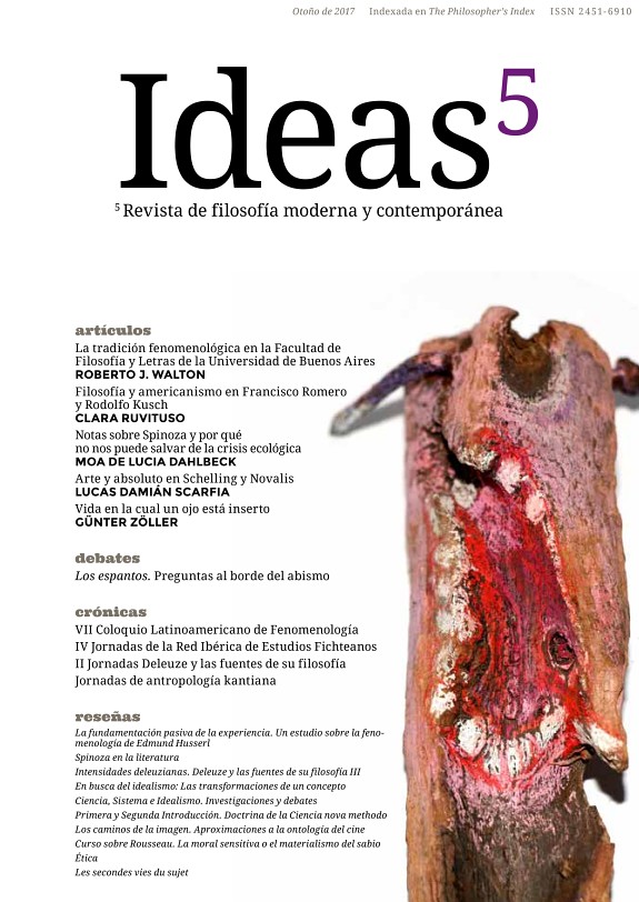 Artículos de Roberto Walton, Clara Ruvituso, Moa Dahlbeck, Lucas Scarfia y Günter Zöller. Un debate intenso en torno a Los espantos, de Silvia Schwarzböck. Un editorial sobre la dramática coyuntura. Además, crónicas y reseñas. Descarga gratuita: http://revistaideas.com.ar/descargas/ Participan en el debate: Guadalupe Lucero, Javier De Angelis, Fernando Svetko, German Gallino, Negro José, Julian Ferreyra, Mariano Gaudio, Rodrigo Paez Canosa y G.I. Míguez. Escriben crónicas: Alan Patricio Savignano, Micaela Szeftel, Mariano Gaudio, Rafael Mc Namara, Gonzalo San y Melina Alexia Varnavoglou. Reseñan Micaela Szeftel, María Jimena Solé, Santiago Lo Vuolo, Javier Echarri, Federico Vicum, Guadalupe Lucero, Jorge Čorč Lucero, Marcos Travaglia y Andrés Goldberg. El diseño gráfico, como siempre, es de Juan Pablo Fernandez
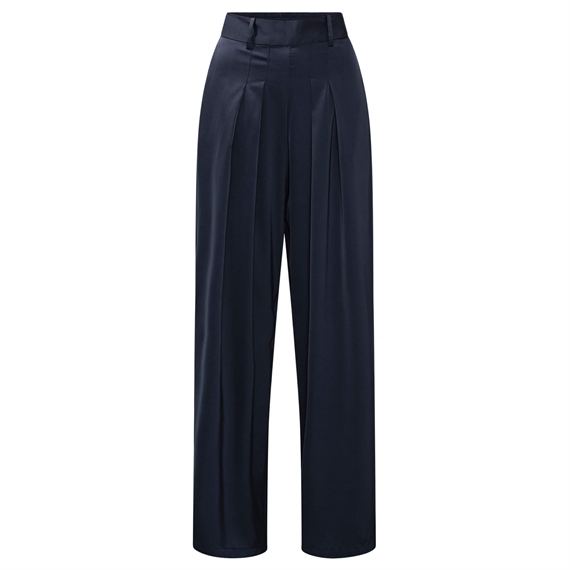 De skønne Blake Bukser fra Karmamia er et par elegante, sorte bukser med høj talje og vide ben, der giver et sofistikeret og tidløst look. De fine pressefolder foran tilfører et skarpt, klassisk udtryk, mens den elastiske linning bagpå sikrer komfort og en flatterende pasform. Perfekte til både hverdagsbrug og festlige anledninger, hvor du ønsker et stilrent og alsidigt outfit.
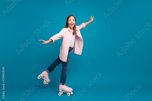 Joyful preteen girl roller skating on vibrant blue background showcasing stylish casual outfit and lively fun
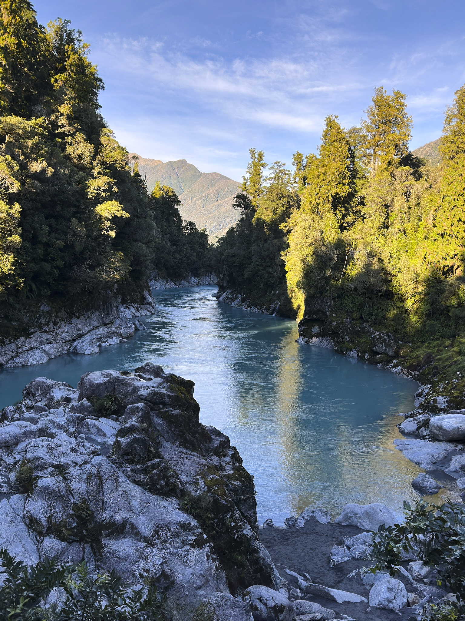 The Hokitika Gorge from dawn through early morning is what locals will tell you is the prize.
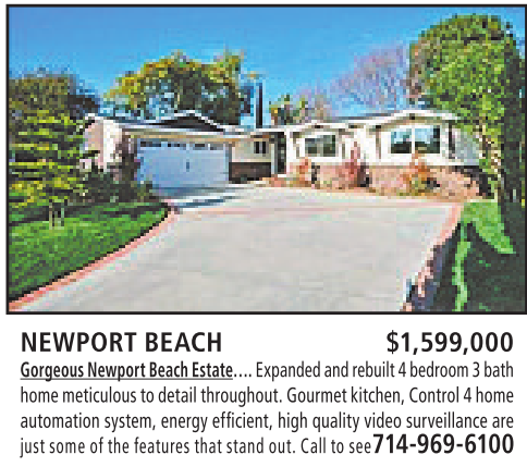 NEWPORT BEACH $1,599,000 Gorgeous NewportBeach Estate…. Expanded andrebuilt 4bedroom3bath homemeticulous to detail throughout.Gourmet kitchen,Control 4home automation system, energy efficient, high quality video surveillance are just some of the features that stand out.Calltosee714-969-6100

-.-.-

*Task to complete:* What is wanted is an exact copy of the lines above from the one containing "De skønne Blake" through the one containing "Joyful preteen girl", with no pictures in it.

*Task response:*
 De skønne Blake Bukser fra Karmamia er et par elegante, sorte bukser med høj talje og vide ben, der giver et sofistikeret og tidløst look. De fine pressefolder foran tilfører et skarpt, klassisk udtryk, mens den elastiske linning bagpå sikrer komfort og en flatterende pasform. Perfekte til både hverdagsbrug og festlige anledninger, hvor du ønsker et stilrent og alsidigt outfit.
 Joyful preteen girl roller skating on vibrant blue background showcasing stylish casual outfit and lively fun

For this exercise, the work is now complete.